*Problem to work on:* Word for word, copy the lines beginning at the one with "Medical students working" and ending at the last line below; pictures stay out.
===== Provided data =====
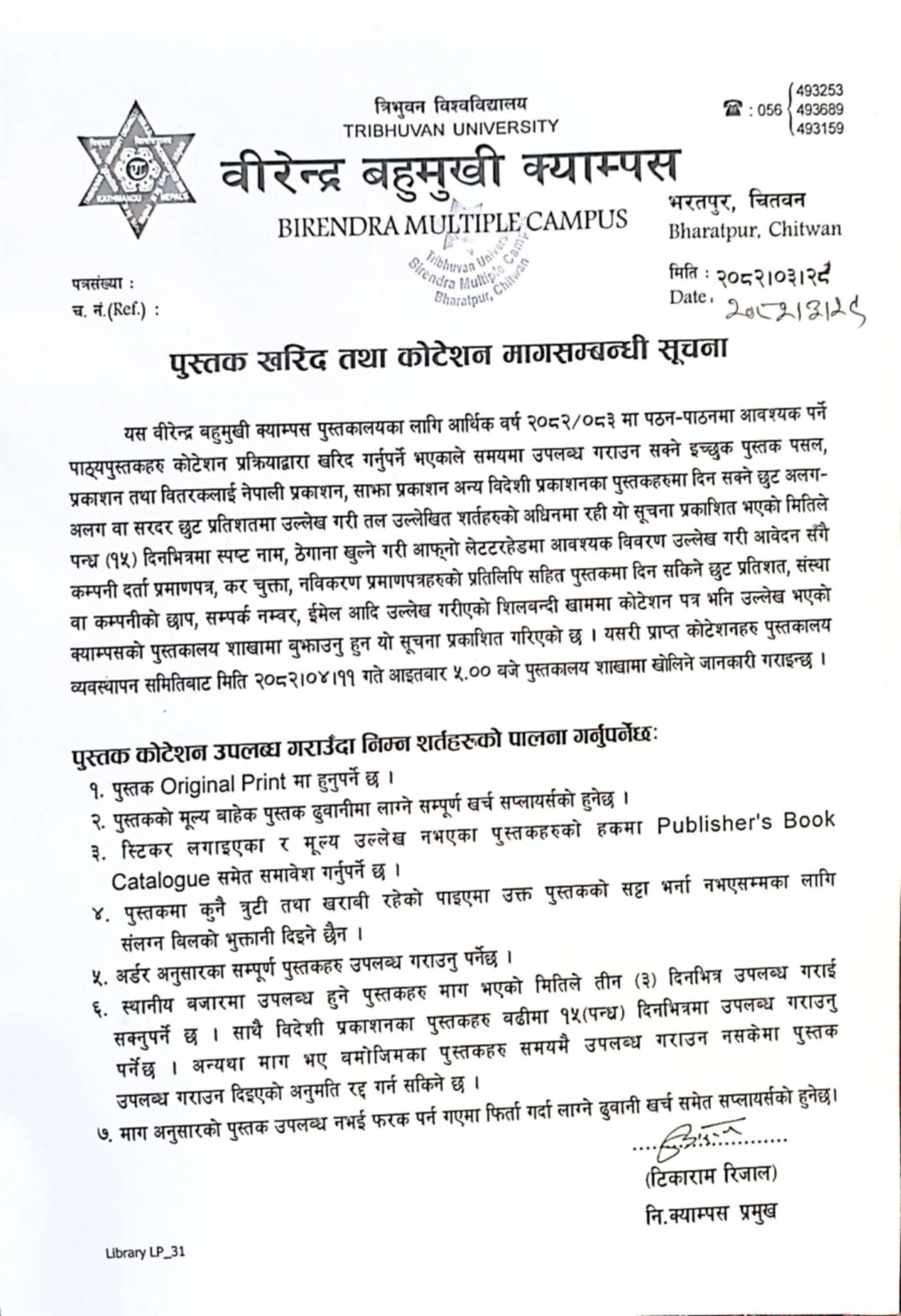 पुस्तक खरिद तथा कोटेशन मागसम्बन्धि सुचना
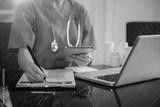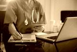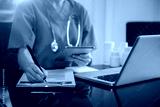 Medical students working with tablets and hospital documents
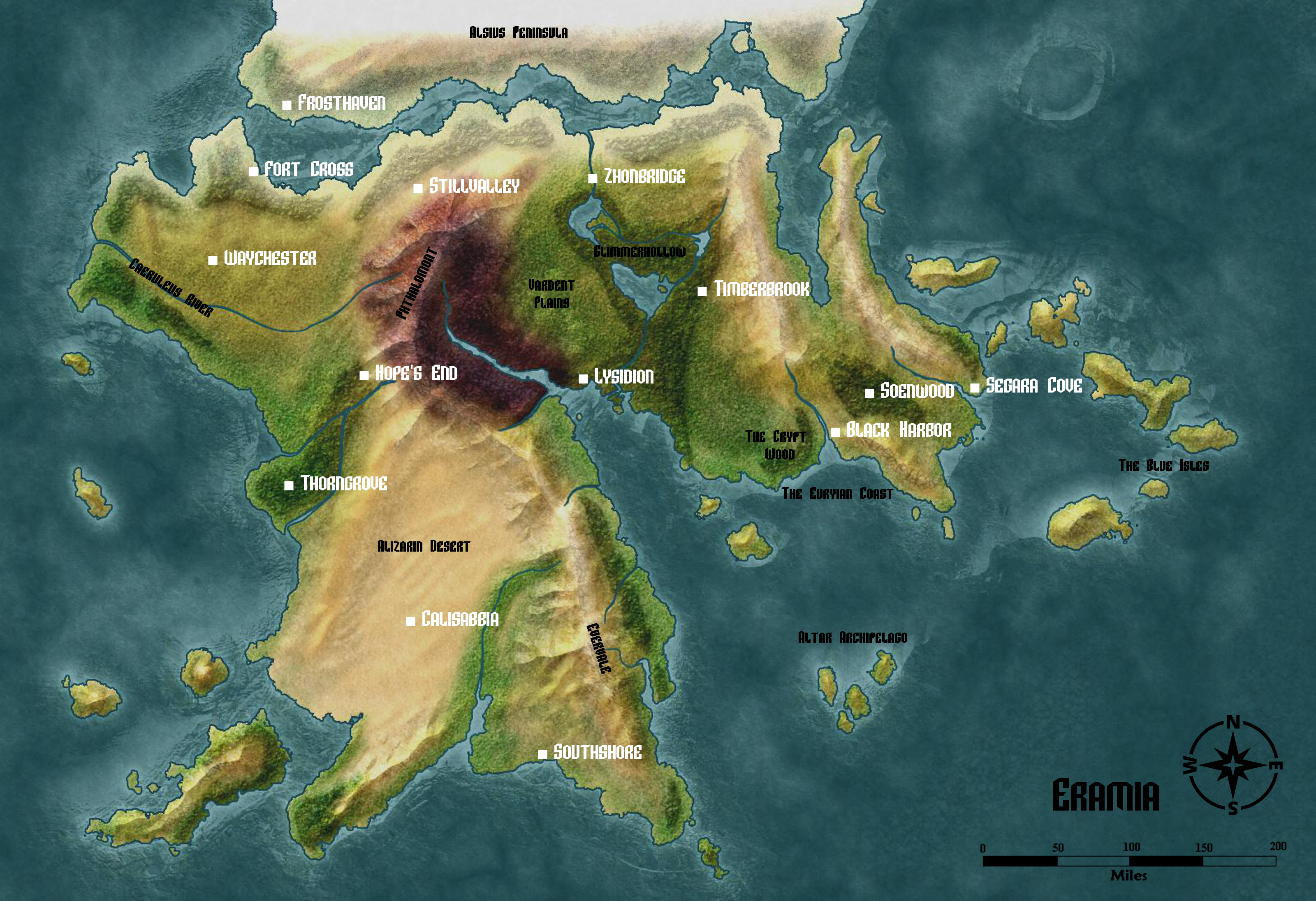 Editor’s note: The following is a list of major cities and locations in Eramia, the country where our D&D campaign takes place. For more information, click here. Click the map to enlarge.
=====
*Your solution:*
 Medical students working with tablets and hospital documents
 Editor’s note: The following is a list of major cities and locations in Eramia, the country where our D&D campaign takes place. For more information, click here. Click the map to enlarge.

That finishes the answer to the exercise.